Geology of River Rise
O’Leno State Park and River Rise Preserve State Park are two of the few places in Florida where a river disappears underground and reappears a few miles away. Within the preserve, the Santa Fe River flows underground via the River Sink, becoming part of the Floridan aquifer system. This aquifer system is the largest in Florid,a and is the drinking water source for most of the state’s population. Three miles west of O’Leno State Park, the Santa Fe River reappears at River Rise Preserve State Park and continues to meander its way westward, eventually flowing into the Suwannee River.
Disappearing and re-appearing rivers are unique to a type of geologic setting called karst, which refers to features formed over thousands to millions of years due to the interaction of slightly acidic natural waters interacting with dissolvable rock, such as limestone or dolostone. Karst environments contain special topographic features such as caves, springs and sinkholes, as well as submerged cave systems including the conduits through which the river flows underground.

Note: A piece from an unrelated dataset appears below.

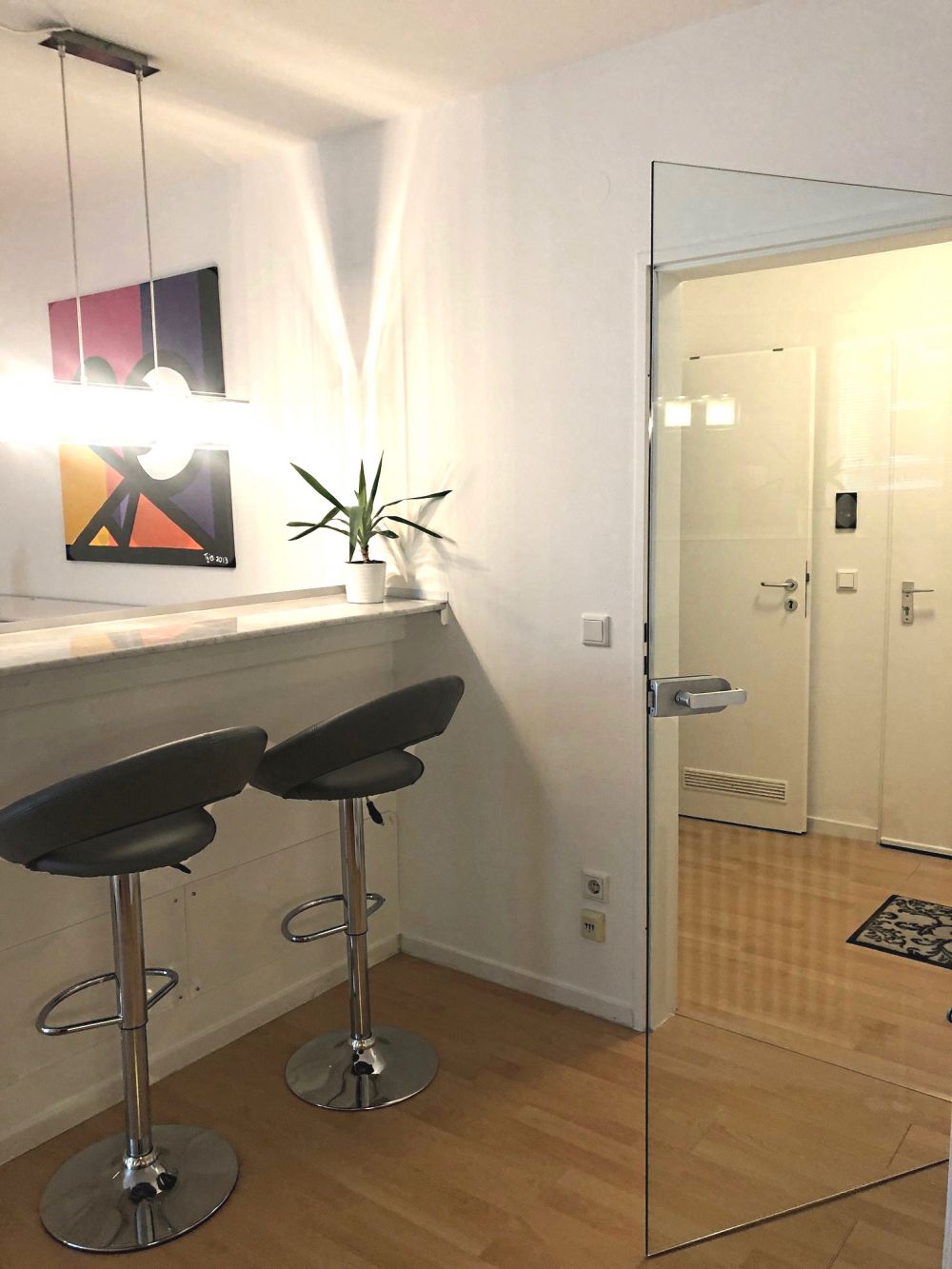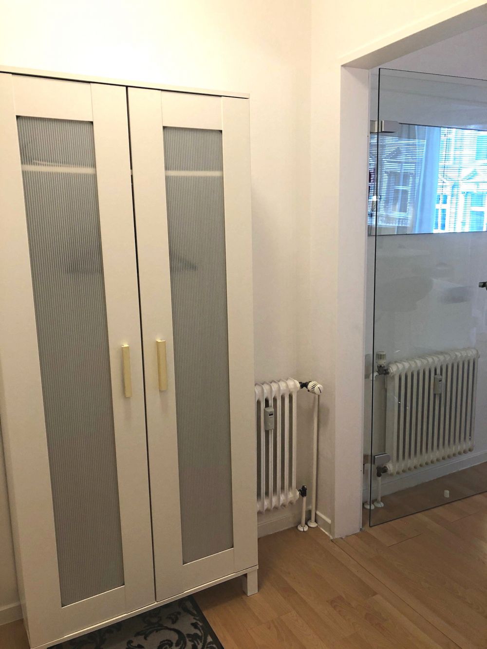Business apartment in Unterbilk. The apartment is located in a well-kept apartment building in the trendy district of Unterbilk, in the immediate vicinity of the media harbour. 2nd floor with elevator. Bright and friendly furnishing. Fitted kitchen with microwave. The sleeping area is optically separated. The floor-to-ceiling windows provide plenty of daylight. Bathroom with shower. Washing machine and dryer in the house. The building has a very large community garden with many different seating options and a barbecue area, which is a popular meeting place for tenants.

Limestone is exposed on the banks and in the bed of the Santa Fe River, at times causing these outcroppings to create their own microhabitats of ferns and other unusual plants. Because of the limestone’s unique texture and fossil assemblage, geologists know this carbonate rock belongs to a formation called the Ocala Limestone. The rocks began to form approximately 40 million years ago during the late Eocene Epoch, when carbonate rich sediments were deposited in a shallow marine environment. Upon close inspection of the limestone, park visitors may be able to see evidence of fossil mollusks, echinoids (sea biscuits) and bryozoans (filter feeders that look like small coral).
The prolific stone tool production and maintenance that occurred in this area is directly tied to the region’s karst topography, particularly its limestone outcrops. O’Leno and River Rise contain four recorded quarry sites between them, utilized by prehistoric people as a source of chert for making arrowheads and other tools. The Monroe Quarry (AL1016), now submerged by the Santa Fe River due to the higher water table, is still littered with the remains of this tool-making process, and possesses undisturbed deposits that still contain the raw organic material. This site is noteworthy because it demonstrates the importance of local geologic resources to early Florida peoples’ subsistence, and gives us more clues as to how they lived.
Whether you are interested in Florida’s unique geology, it’s fascinating early history or you just want to see a vanishing river, then you should check out River Rise Preserve State Park. It will accomplish all of these things and more, and take you on a journey through geologic history.